The growth of populist movements and leaders has created unexpected threats to human rights and freedom that pose severe difficulties for democracies around the world. We must comprehend the roots of the rise in authoritarian leadership if we are to effectively protect democracy. We must first comprehend what an authoritarian government is and how it differs from a democratic one.

In this exhibit, we explore the distinctive features of democracy and authoritarianism that demonstrate how these two forms of government differ, particularly in terms of the impacts these systems have on the people who live in the country and the obligations each system places on its people.

What Is Democracy

The term Democracy is derived from the Greek words “demos,” which means people, and “kratos,” which means power.  A democratic state is where the people have the majority of the power. Fundamental personal liberties including the right to free speech and religion are respected in democracies. Democracies do not strictly regulate publications or the free expression of thoughts in public, but no government permits perfect freedom. In democracies, citizens typically accept judgments rendered by the majority of electors in a fair election. Democracies provide avenues for minorities of all kinds to make their voices heard to combat the “tyranny of the majority” and prevent it from taking hold.

Types of Democracy

There are two types of democracy; Direct and Representative Democracy. A further explanation of both is given below. 

1) Direct Democracy

In a direct democracy, the people are in charge of every decision. They must have elected representatives whose duty is to “represent” their interests because they are accountable for creating the laws regulating society. As male citizens could participate in the decision-making process as a part of an assembly, an example of a direct democracy is ancient Athens. Although no nations are real direct democracies, direct democracy does exist on a lesser scale. Brexit (England’s vote to leave the EU) was a prime example of contemporary direct democracy. More instances can be found in American state referendums, like those that legalize marijuana. 
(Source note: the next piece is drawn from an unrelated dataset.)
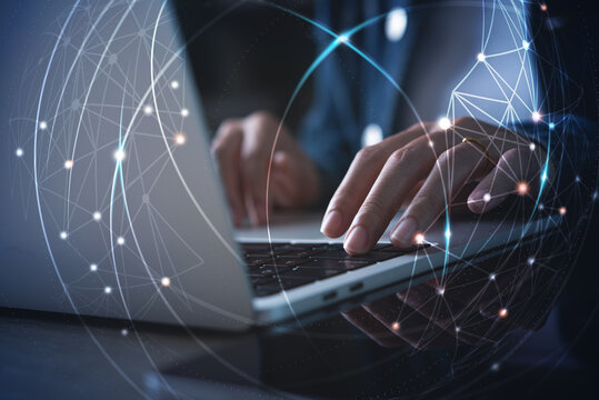Social network connection, internet technology, cloud computing concept. Woman working on laptop computer, technology background

2) Representative Democracy

Today, practically all democracies are representative democracies. Since the citizens do not enact laws or exercise self-government, these are indirect democracies. Instead, they choose individuals to represent their interests and pass laws. The most prevalent varieties of these democracies are constitutional republics, like the United States, which have presidents and a legislative body, or those with parliaments typically presided over by prime ministers, like those in the United Kingdom and Canada. Others, like India, combine the two and are hybrids that elect presidents and prime ministers.

What Is Authoritarianism

Democracy is the opposite of authoritarianism. In an authoritarian system, the dictator, who holds full power, is the only person in charge. Elections may be held, and authoritarian regimes may interact with their people, but the people have no say in how they are governed. Their leaders refuse to provide their followers with free will. They make decisions regarding what the populace can and cannot have. Therefore, citizens are subjects who must submit, not participants in making decisions about the government. Kings, Generals, other Emperors, a few members of the aristocracy, autocrats, and even presidents or prime ministers, rule over authoritarian regimes.

Characteristics of Authoritarianism

Authoritarian regimes do not respect minority rights, adhere to majority rule, or permit freedoms of speech, the press, or religion. Their leaders frequently originate from one small group, such as senior military officers or a select number of aristocratic families.  The following are the characteristics of the authoritarian regime; 

1) Single Authority, No Separation of Power

There are numerous distinct variations, but the primary characteristic of authoritarian government is that political power revolves around a small group of elites or even a single dictator. In authoritarian systems, there are no checks and balances and the center of authority is unchallenged. There is no separation of powers like there is in the US, where there are three branches of government.

2) Freedom of Speech Is Restricted

In an authoritarian regime, religious freedom and the freedom of speech are restricted. In authoritarian regimes, elections may take place, but because there is little to no press freedom and opposition political parties are typically suppressed, these elections are usually rigged to ensure that the ruler is reelected with a landslide. 

3) Rules Are Enforced on the People

The authoritarian regime establishes the regulations, upholds them, and penalizes those who violate them. By attempting to crush any organized political opposition, they maintain their position of authority. Press freedom is severely restricted, and the only media outlets deemed useful to the administration are propaganda networks. Rival political parties are either outlawed or severely restricted.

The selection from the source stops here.